#### [Exercise details]
Start the copy at the line holding "- пишуть коментатори." and continue it exactly through the last line of the entries, leaving out pictures and anything else.

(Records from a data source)

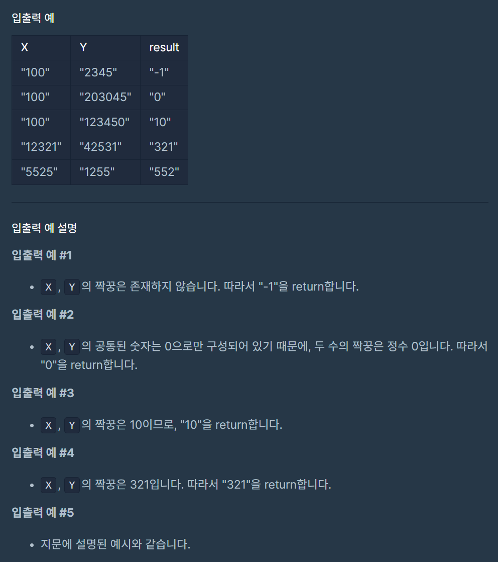 - 만약 만든 정답이 공백이면 짝꿍이 존재하지 않는 경우이므로 정답은 -1이다. if (len(answer) == 0): answer = "-1"
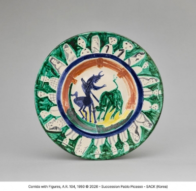 투우와 사람들, A.R. 104, 1950, 백토, 화장토 장식, 유약 시유, 38.5×38.5×5cm(자료제공: 국립현대미술관) ​
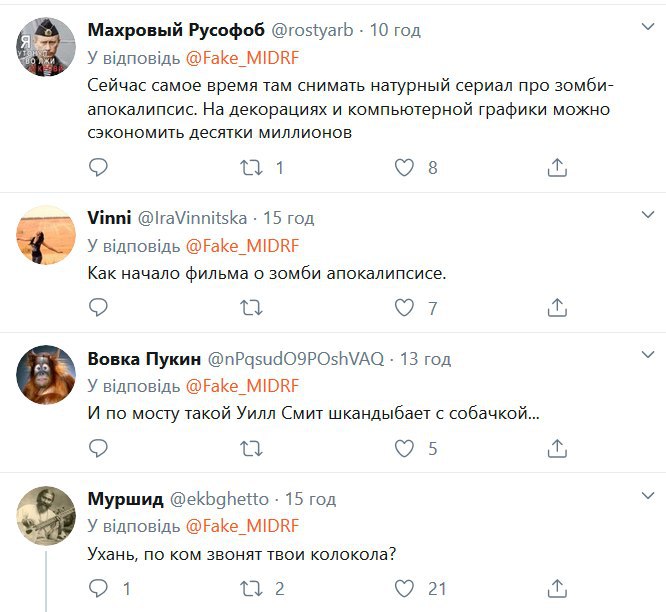 "Як після аварії на Чорнобильській АЕС", "Зараз саме час там знімати натурний серіал про зомбі-апокаліпсис. На декораціях та комп'ютерній графіці можна заощадити десятки мільйонів", "І по мосту такий Уілл Сміт чимчикує з собачкою...", - пишуть коментатори.
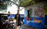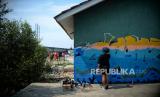Seniman menyelesaikan pembuatan mural dalam acara Jakarta Thinkcity di kawasan pemukiman Marunda, Jakarta, Sabtu (22/10/2022). Kegiatan pembuatan mural tersebut bertujuan untuk meningkatkan kesadaran publik akan isu perubahan iklim yang telah nyata terjadi di Ibu Kota khususnya wilayah Jakarta Utara. (FOTO : Republika/Thoudy Badai)
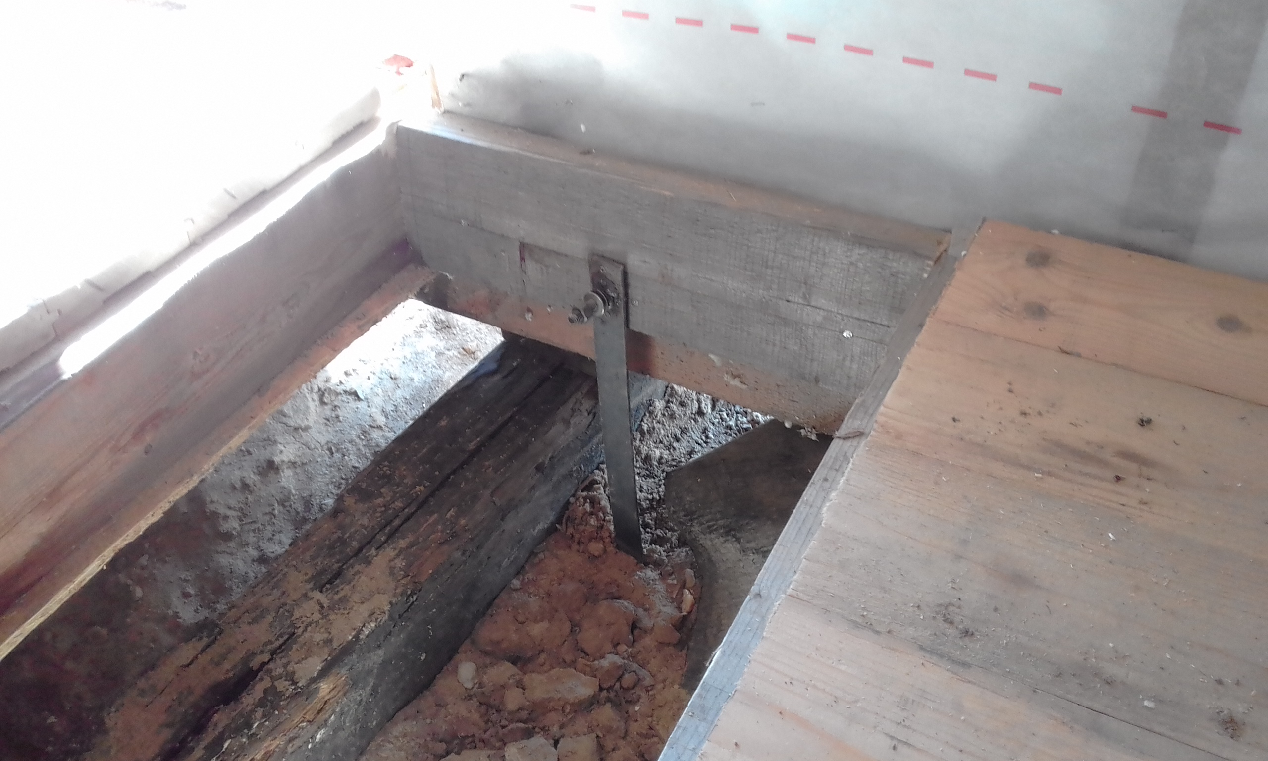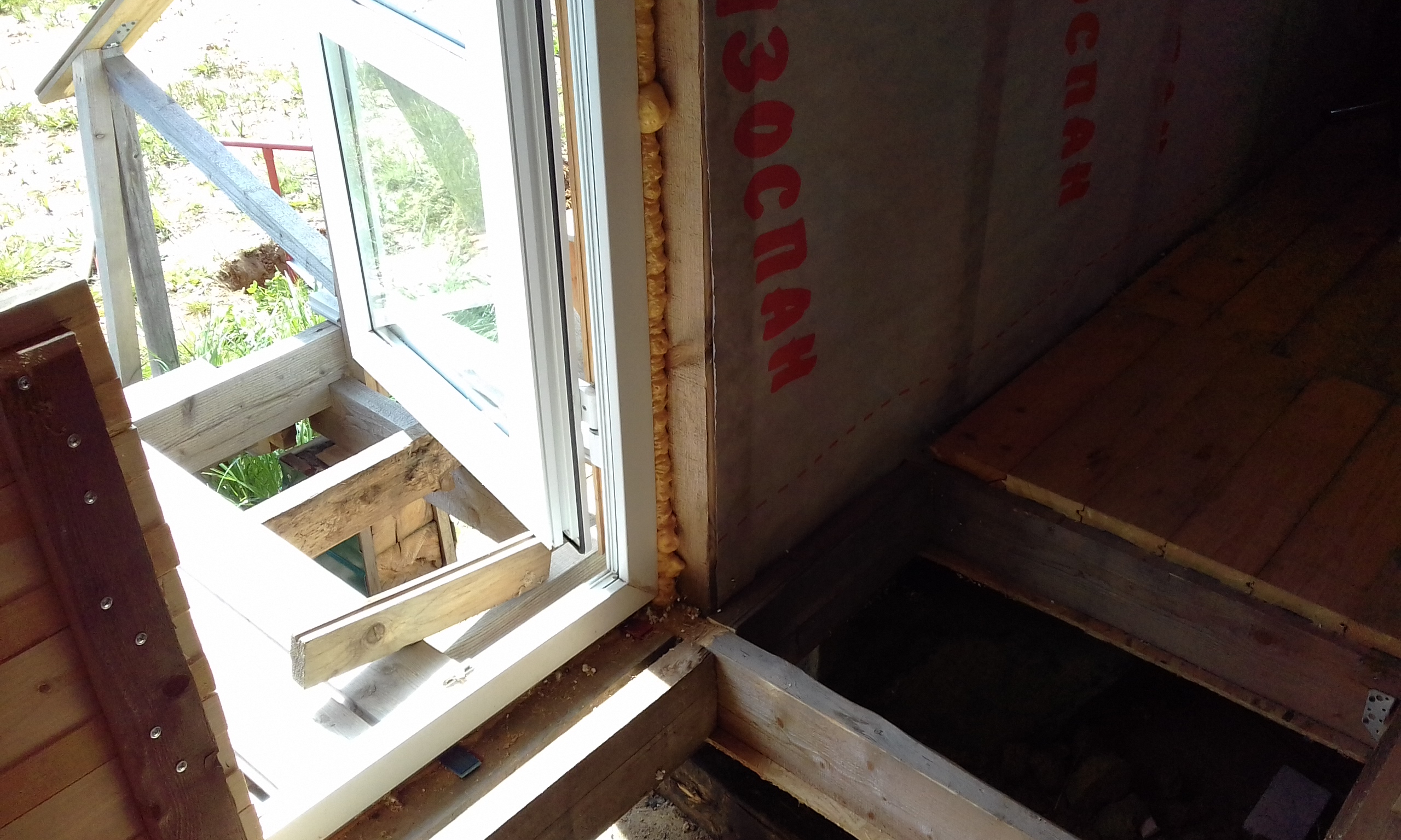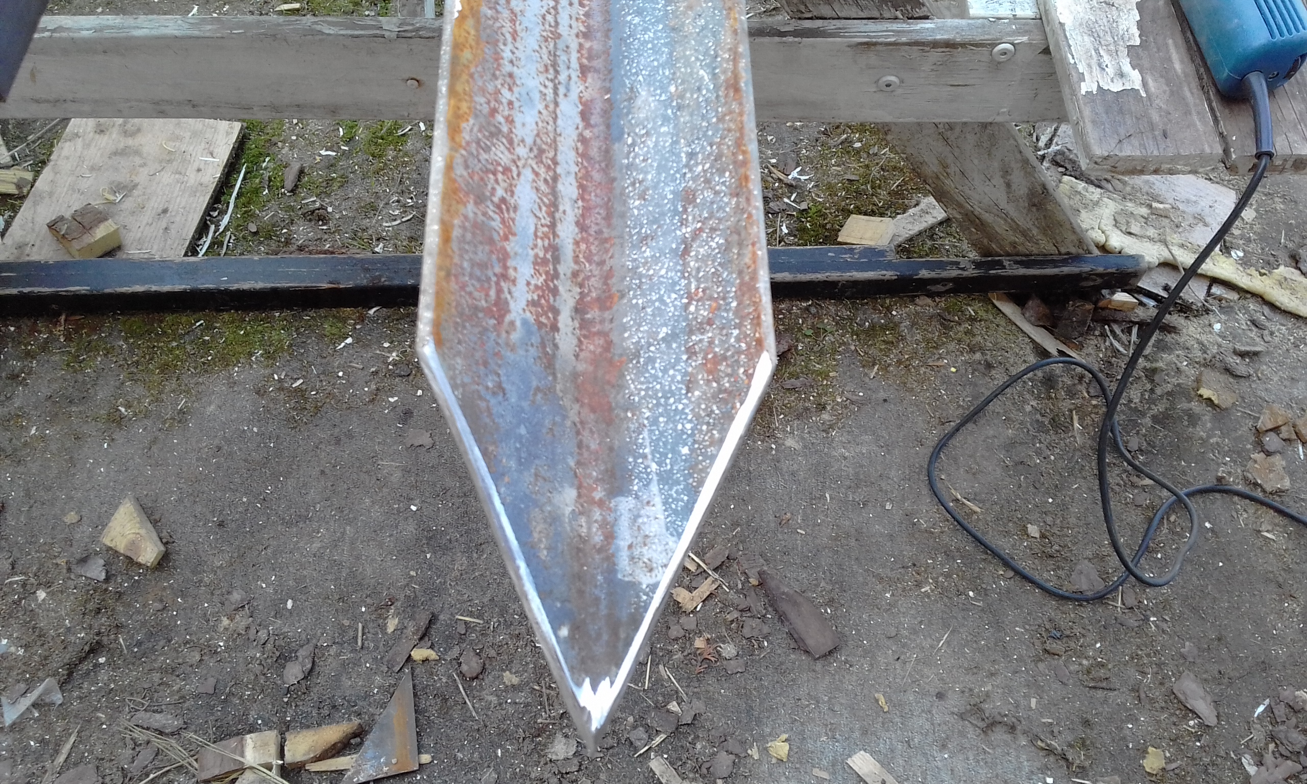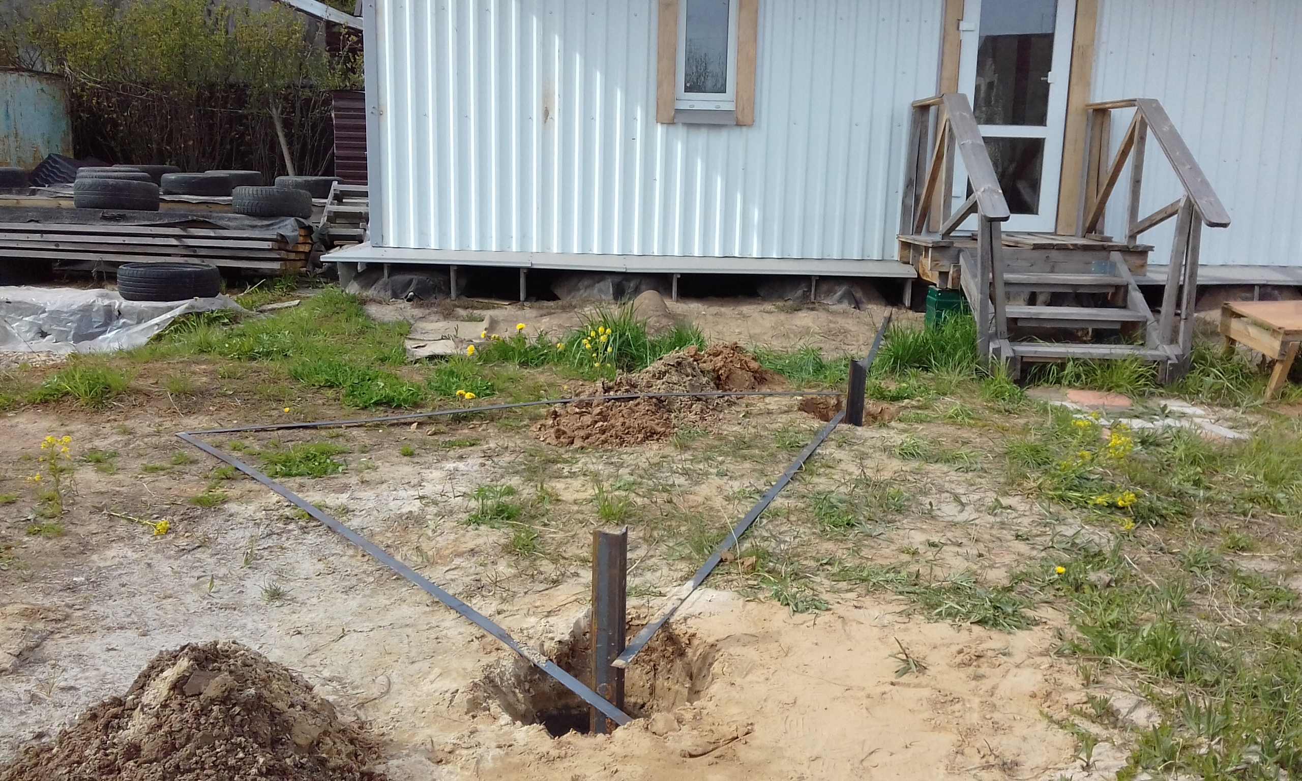 Здесь в подполье на нижней обвязке будет расположена главная шина заземления. Уложил полосу от главной шины заземления до первого электрода. Получилось расстояние от стены до электрода 2,6 м. С помощью болгарки обрезал на конус и заточил конец первого электрода, чтобы лучше входил в землю. Электрод вгонял небольшой кувалдой. Дело шло туго. Решил купить кувалду максимально тяжёлую и с длинной ручкой. Второй электрод обрезал поострей, но это существенно на производительность процесса забивания не повлияло.
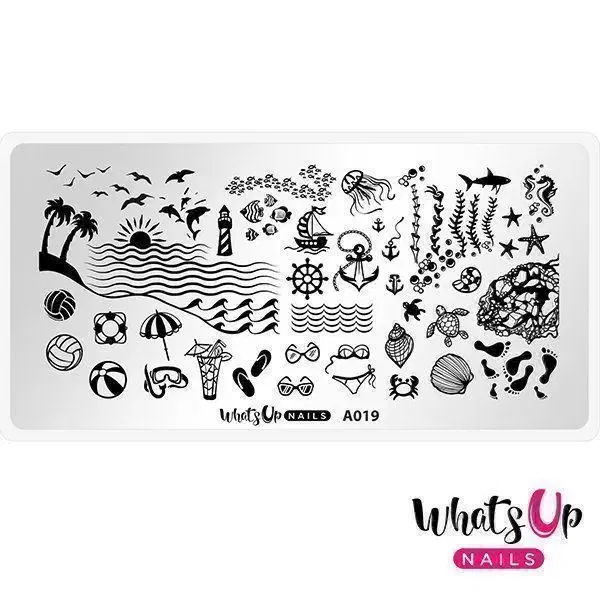 Den ultimative strand stampingplade. Bliv klar til strandturen med denne stampingplade hvor du finder sol, palmer, bølger, strandkugler, flip flops, solbriller, havskildpadde, fodspor, havvind, fyrtårn, geléfisk og mange flere.

#### [Output of the task]
 "Як після аварії на Чорнобильській АЕС", "Зараз саме час там знімати натурний серіал про зомбі-апокаліпсис. На декораціях та комп'ютерній графіці можна заощадити десятки мільйонів", "І по мосту такий Уілл Сміт чимчикує з собачкою...", - пишуть коментатори.
Seniman menyelesaikan pembuatan mural dalam acara Jakarta Thinkcity di kawasan pemukiman Marunda, Jakarta, Sabtu (22/10/2022). Kegiatan pembuatan mural tersebut bertujuan untuk meningkatkan kesadaran publik akan isu perubahan iklim yang telah nyata terjadi di Ibu Kota khususnya wilayah Jakarta Utara. (FOTO : Republika/Thoudy Badai)
 Здесь в подполье на нижней обвязке будет расположена главная шина заземления. Уложил полосу от главной шины заземления до первого электрода. Получилось расстояние от стены до электрода 2,6 м. С помощью болгарки обрезал на конус и заточил конец первого электрода, чтобы лучше входил в землю. Электрод вгонял небольшой кувалдой. Дело шло туго. Решил купить кувалду максимально тяжёлую и с длинной ручкой. Второй электрод обрезал поострей, но это существенно на производительность процесса забивания не повлияло.
 Den ultimative strand stampingplade. Bliv klar til strandturen med denne stampingplade hvor du finder sol, palmer, bølger, strandkugler, flip flops, solbriller, havskildpadde, fodspor, havvind, fyrtårn, geléfisk og mange flere.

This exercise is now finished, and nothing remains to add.